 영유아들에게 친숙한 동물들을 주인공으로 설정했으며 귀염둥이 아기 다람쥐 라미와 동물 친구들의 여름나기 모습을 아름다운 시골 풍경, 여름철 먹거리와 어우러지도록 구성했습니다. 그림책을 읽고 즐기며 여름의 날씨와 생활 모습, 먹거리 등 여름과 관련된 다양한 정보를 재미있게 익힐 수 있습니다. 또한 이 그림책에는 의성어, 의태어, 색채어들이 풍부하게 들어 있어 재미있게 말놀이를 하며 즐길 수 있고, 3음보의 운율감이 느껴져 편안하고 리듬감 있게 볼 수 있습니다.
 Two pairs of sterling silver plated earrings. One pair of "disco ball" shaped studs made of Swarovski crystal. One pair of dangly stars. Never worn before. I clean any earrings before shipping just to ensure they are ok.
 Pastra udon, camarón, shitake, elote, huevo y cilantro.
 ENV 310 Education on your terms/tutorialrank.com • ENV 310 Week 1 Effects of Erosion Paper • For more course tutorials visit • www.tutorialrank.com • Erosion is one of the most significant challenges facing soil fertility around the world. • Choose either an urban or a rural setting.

- - -

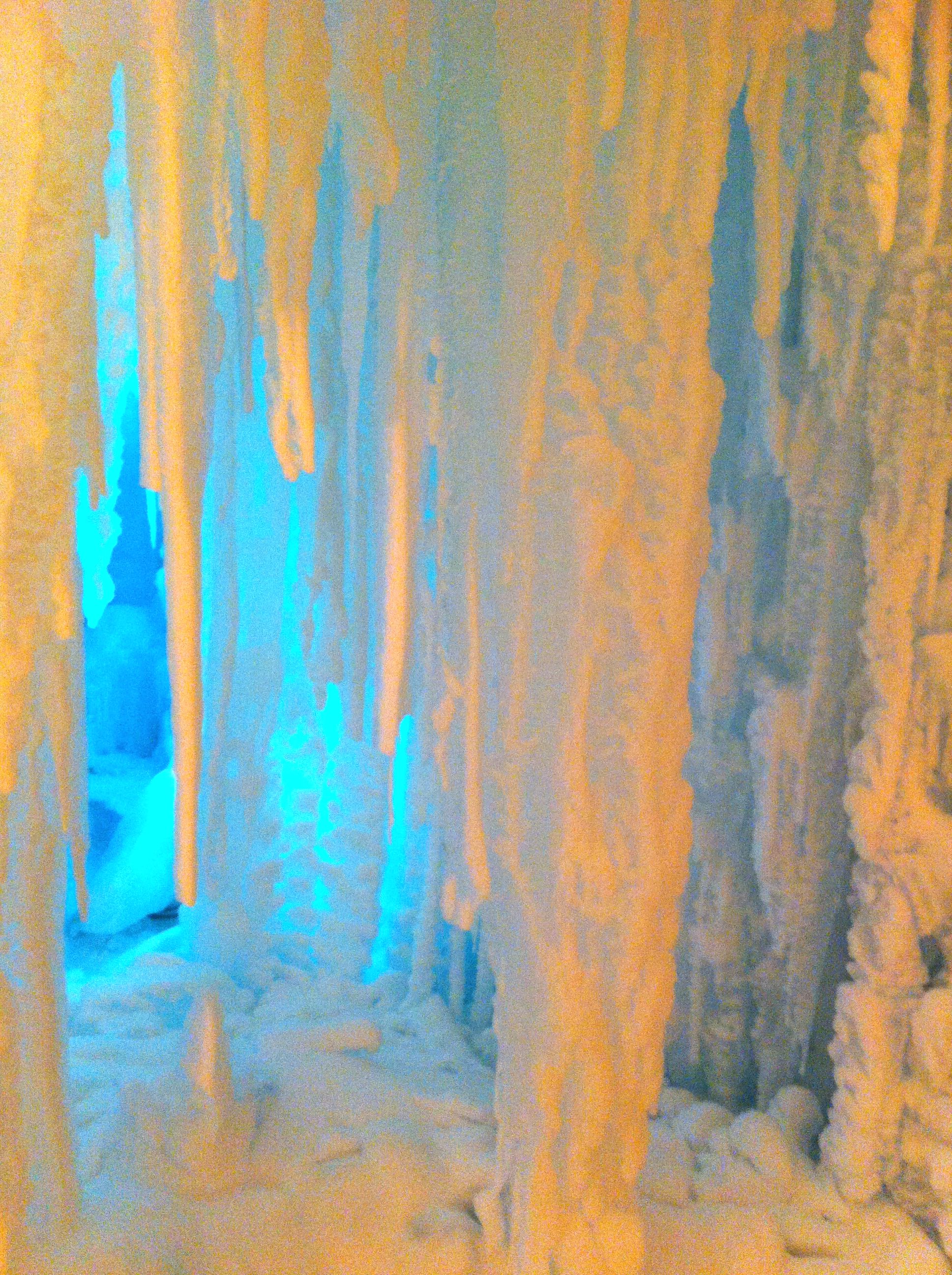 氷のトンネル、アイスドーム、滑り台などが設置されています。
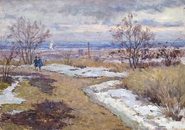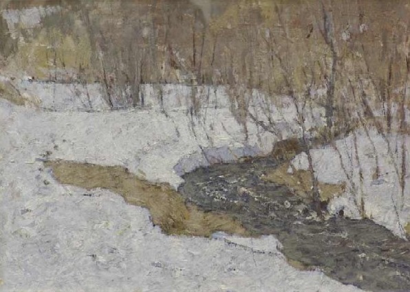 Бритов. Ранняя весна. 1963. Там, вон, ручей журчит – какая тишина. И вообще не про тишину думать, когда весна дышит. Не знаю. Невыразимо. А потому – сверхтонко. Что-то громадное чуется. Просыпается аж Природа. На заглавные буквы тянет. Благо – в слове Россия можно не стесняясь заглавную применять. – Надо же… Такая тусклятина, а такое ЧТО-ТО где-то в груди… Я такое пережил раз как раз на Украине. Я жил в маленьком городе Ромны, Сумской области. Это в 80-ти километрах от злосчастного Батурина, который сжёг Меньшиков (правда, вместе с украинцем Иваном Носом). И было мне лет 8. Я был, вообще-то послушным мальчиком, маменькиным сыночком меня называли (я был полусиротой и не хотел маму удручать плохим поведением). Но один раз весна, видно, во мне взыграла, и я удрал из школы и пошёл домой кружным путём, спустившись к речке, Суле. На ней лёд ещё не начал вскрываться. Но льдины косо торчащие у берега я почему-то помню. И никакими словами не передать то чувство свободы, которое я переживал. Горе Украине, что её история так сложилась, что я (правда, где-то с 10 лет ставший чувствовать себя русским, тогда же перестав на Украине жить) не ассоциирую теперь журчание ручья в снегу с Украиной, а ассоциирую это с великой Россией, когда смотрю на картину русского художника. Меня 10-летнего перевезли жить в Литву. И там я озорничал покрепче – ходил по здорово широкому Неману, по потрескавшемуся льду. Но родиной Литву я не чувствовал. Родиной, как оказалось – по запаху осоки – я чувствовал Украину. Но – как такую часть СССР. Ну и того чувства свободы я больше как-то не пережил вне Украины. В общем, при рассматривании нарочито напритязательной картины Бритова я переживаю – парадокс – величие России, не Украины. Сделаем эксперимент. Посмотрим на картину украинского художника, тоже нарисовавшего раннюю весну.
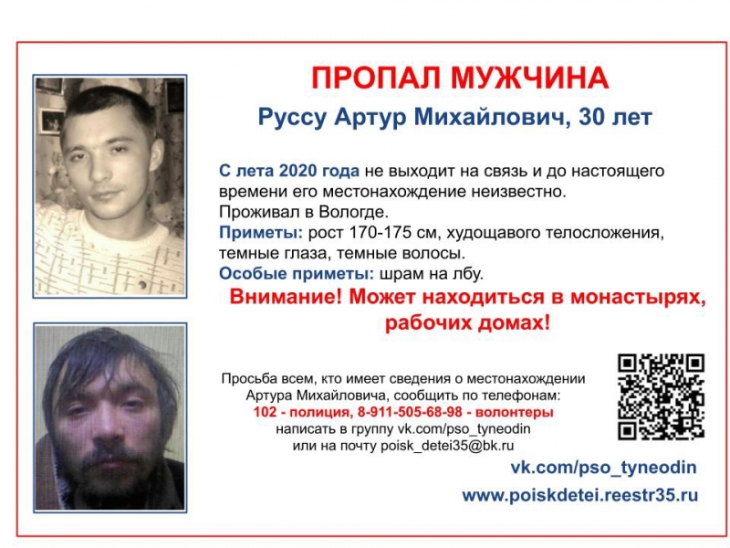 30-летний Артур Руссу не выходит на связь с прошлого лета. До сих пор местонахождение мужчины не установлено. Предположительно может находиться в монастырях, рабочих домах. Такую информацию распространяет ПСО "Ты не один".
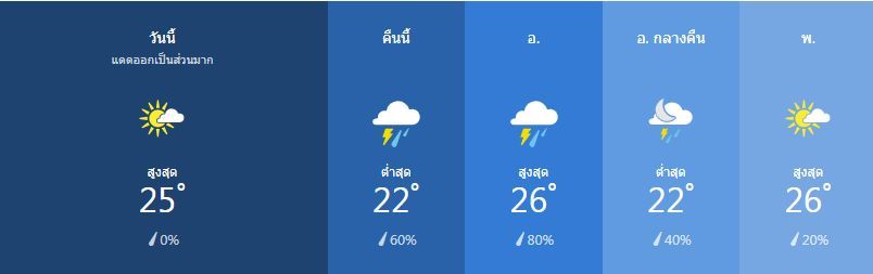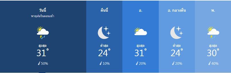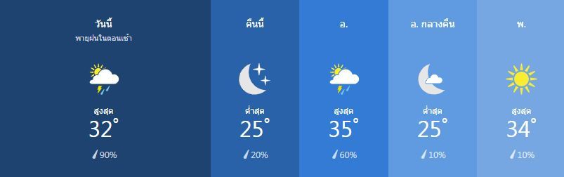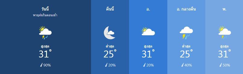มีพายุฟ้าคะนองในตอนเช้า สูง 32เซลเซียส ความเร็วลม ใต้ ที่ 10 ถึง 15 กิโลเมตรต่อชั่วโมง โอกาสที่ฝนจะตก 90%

- - -

PROBLEM DETAILS = Referring to the material above, set down exactly the lines between the line with "영유아들에게 친숙한 동물들을" and the line with "ENV 310 Education", inclusive, and no other lines.

THE ANSWER =
 영유아들에게 친숙한 동물들을 주인공으로 설정했으며 귀염둥이 아기 다람쥐 라미와 동물 친구들의 여름나기 모습을 아름다운 시골 풍경, 여름철 먹거리와 어우러지도록 구성했습니다. 그림책을 읽고 즐기며 여름의 날씨와 생활 모습, 먹거리 등 여름과 관련된 다양한 정보를 재미있게 익힐 수 있습니다. 또한 이 그림책에는 의성어, 의태어, 색채어들이 풍부하게 들어 있어 재미있게 말놀이를 하며 즐길 수 있고, 3음보의 운율감이 느껴져 편안하고 리듬감 있게 볼 수 있습니다.
 Two pairs of sterling silver plated earrings. One pair of "disco ball" shaped studs made of Swarovski crystal. One pair of dangly stars. Never worn before. I clean any earrings before shipping just to ensure they are ok.
 Pastra udon, camarón, shitake, elote, huevo y cilantro.
 ENV 310 Education on your terms/tutorialrank.com • ENV 310 Week 1 Effects of Erosion Paper • For more course tutorials visit • www.tutorialrank.com • Erosion is one of the most significant challenges facing soil fertility around the world. • Choose either an urban or a rural setting.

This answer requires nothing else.